I spent a somewhat frustrating hour at work today trying to plot a straight line on a chart using a framework that shall remain nameless. I quickly had the slope and the y-intercept worked out and all I needed were two x values to plug into the equation to calculate some points. I already had another series plotted on the same chart and just picking the minimum and maximum x values from it was sufficient for my causes.
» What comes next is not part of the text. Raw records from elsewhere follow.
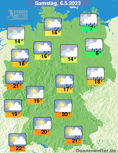 Am Samstag ist es überwiegend stark bewölkt oder bedeckt, gebietsweise zeigen sich aber auch Auflockerungen. Im Nordosten fällt zeitweise Regen, im übrigen Land bilden sich hingegen gebietsweise Schauer. Die Temperatur steigt auf kalte 7 Grad auf Rügen und bis 22 Grad im Breisgau.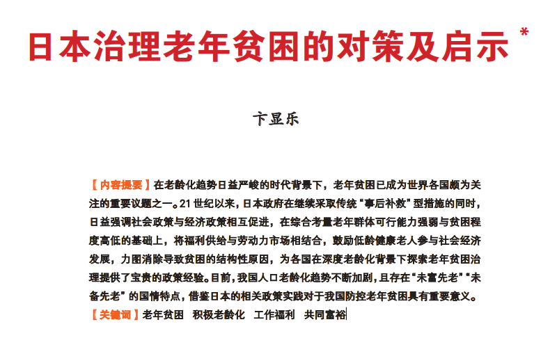 卞显乐:日本治理老年贫困的对策及启示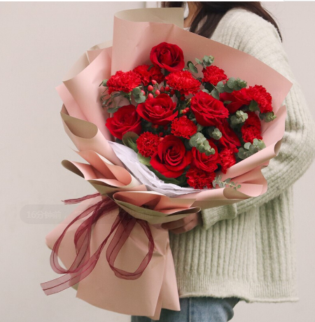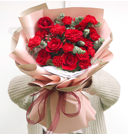红色康乃馨11枝,粉色勿忘我3枝、尤加利10枝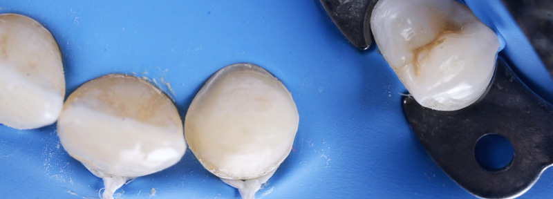 Une autre option aurait pu consister à prendre appui sur la 24 et à recouvrir la 23 d’une facette unitaire indépendante. Mais la possibilité de préserver l’émail sur la 23 (du fait d’une légère inocclusion) nous a poussé à préserver la 24 et à opter pour une couronne périphérique collée qui modifie la 23 en 22 et soutient la 23 absente.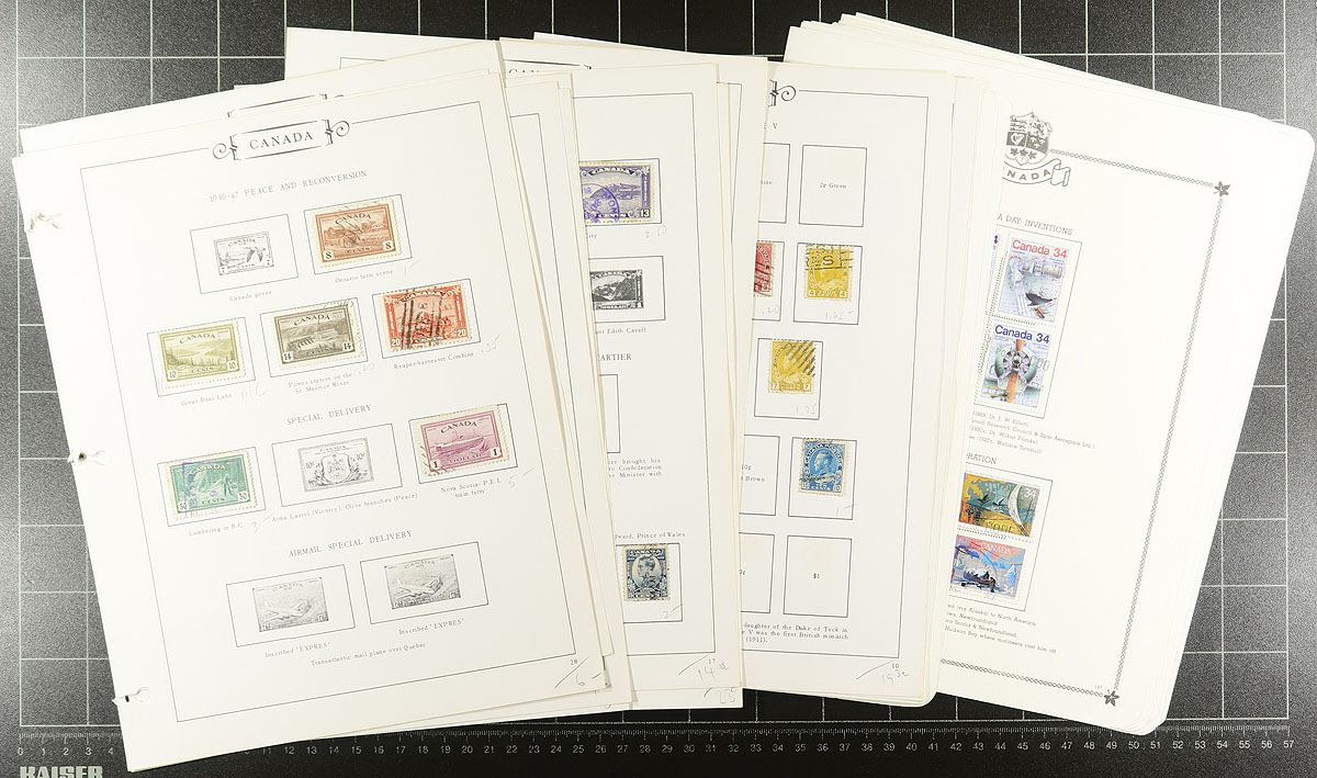 Accumulation of used Canada in a variety of formats, 1890's-1980's, containing a probable few thousand stamps, in several album pages, manila or stock pages, a stockbook, glassines, etc. A very quick check indicated some classic material, including a stockbook of used Admirals (roughly 150 in total), along with a few modern used booklet panes, souvenir sheets, and more. Postmark interest includes cds, duplex, modern postmarks, noting several 'socked on the nose' town cancels. Thorough investigation could yield better finds by the dedicated collector. Estimate =

Naturally, I could do the legwork of figuring the min and max myself, but why do the work when the framework can do it for you? I poked around and found a couple useful methods: FindMinValue() and FindMaxValue(). I had assumed (based on Intellisense and lack of code docs) that they would return the values I needed. Then a couple things taught me that wasn’t so at all:
1. I used var to declare my variables, so I didn’t notice that the functions in question are returning integers.
2. I was wrong in my original assumption. Those methods aren’t finding and returning the min and max values. Instead, they’re returning indices into the array of points in the series, pointing me to the location of the min and max values.

I guess technically the method names didn’t lie: they are “finding” the location of the values for me. I still found that to be counterintuitive. In my opinion, FindMinValueIndex() would’ve been better.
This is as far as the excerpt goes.